Waterloo, 5th February 2017

We started at Potter’s Barn, a Grade II listed building from 1841. It was intended to be the gate-house (with attached coach house and stables) for a larger estate, and was built as an intentional replica of the farmhouse on the battlefield of Waterloo. As we went in a Great Tit was singing very loudly from the other side of the very busy A565, competing with the traffic.  Inside the small park there was a Robin and some Magpies and House Sparrows.

We followed the path along the south side of Marine Lake. A couple of yachts were out, and the paddle boat team were training vigorously.

We peeked through the fence into Seaforth nature reserve, and spotted some rabbits, dozens of Cormorants, some Canada Geese, a couple of Skylarks pecking about, a Pied Wagtail ditto, some distant Shelduck and a small flock of Black-tailed Godwits.

As we headed northwards along Crosby Promenade we heard a Skylark singing overhead. The  Isle of Man ferry Ben-my-Chree was coming in, looming large against the Iron Men and the wind turbines.

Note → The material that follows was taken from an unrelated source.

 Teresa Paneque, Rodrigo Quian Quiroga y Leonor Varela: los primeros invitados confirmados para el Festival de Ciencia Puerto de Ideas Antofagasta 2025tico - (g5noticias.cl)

Then back through the dunes and around the Boating Lake. Sometimes there are quite special birds dropping in, and I’ve seen a Long-tailed Duck and a Phalarope here, but today it was just  Herring Gulls, Black-headed Gulls, Mallards, Coots, a pair of Mute Swans and some Tufties. The only mild excitement was provided by two Pochards with their heads tucked in, apparently sleeping.

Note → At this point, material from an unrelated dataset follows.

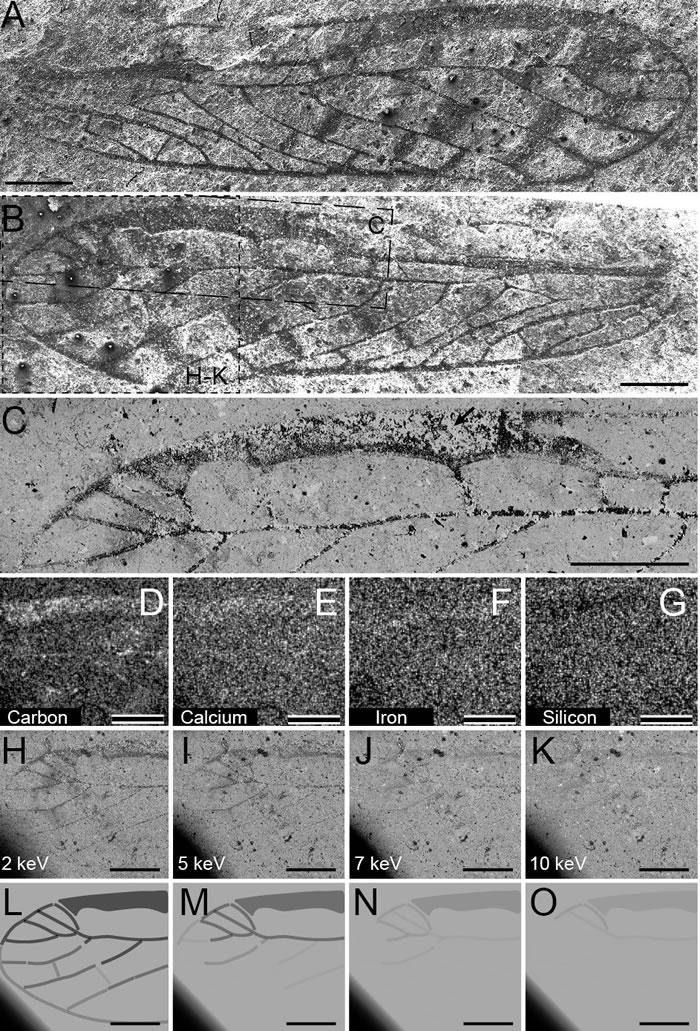 短脉螽科昆虫化石翅膀的扫描电子显微成像及能谱分析:电子束Z轴对比

We lunched overlooking the Marine Lake then worked our way northwards through the four seafront gardens.

There were Daisies and Shepherd’s Purse flowering at the edges of the lawns, and some clumps of  Daffodils were a few days off flowering.

Garden birds included Long-tailed Tit, Goldfinch, Blue Tit and Blackbird. A Dunnock sat on the top of a hedge flicking its wings, then another came along and they flew away together. Spring is in the air!  We were looking for more trees for our I-Spy list, although the pickings will be slim for a few weeks yet. We ticked this beautiful shapely Holm Oak Quercus ilex (worth 20 points).

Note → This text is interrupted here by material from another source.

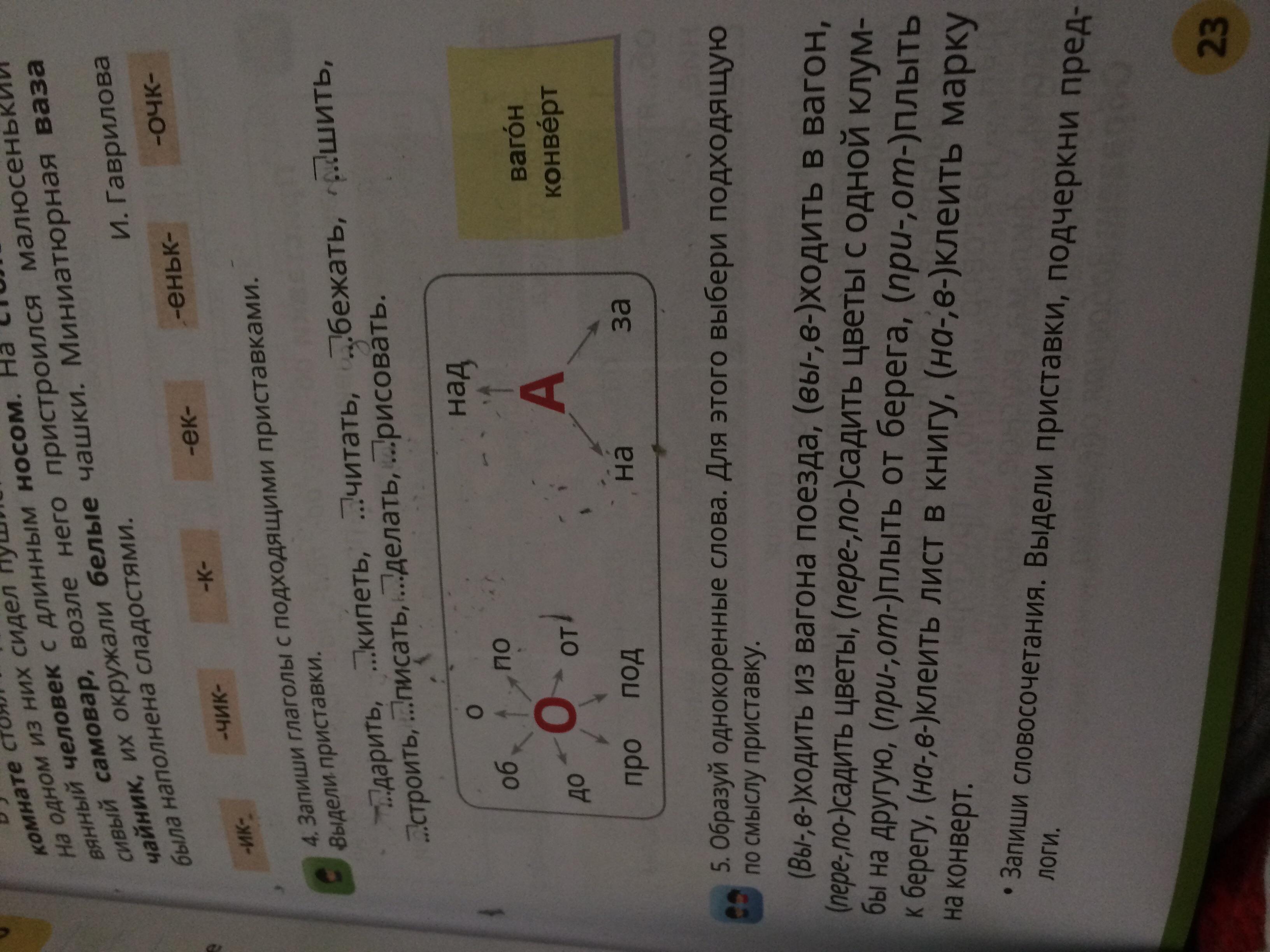 выходить из вагона поезда,входить в вагон,посадить цветы,пересадить цветы с одной клумбы на другую,отплыть от берега,приплыть к дереву,вклеить лист в книгу,наклеить марку на конверт

There are several Silk Tassel trees in the seafront gardens and at this time of year, with their very long catkins out, they look extraordinary.

This shrub caught my eye, with its pretty red berries. Some kind of Laurel? No, I think it’s Japanese aucuba Aucuba japonica, a new one on me.

We returned up Harbord Road and in a garden we spotted another I-Spy tree, a Cordyline Palm, which the book (weirdly) calls a Cabbage tree. But it gives it the proper name of Cordyline australis, so it’s definitely right. It’s worth the maximum of 25 points, the first one of those we’ve ticked, and it’s marked as a “top spot!”

We were up to 225 points last week, and have 45 points today from just two trees, so now we have  270. John says we had 365 points for birds up to last week and thinks we got at least another 100 points today.  The bird-spotting will slow down soon, as new birds become harder to find, while the tree-bagging will become much easier when their leaves come out.
I walked home through Victoria Park, and spotted that the Snowdrops are now out.

Public transport details: Bus 53 from Queen Square at 10.20, arriving 10.50 at Crosby Road South / Marlborough Road. The rest of the group returned to Liverpool on the 53 from Oxford Road / Courtenay Road, due at 2.10 and arriving Queen Square 2.50.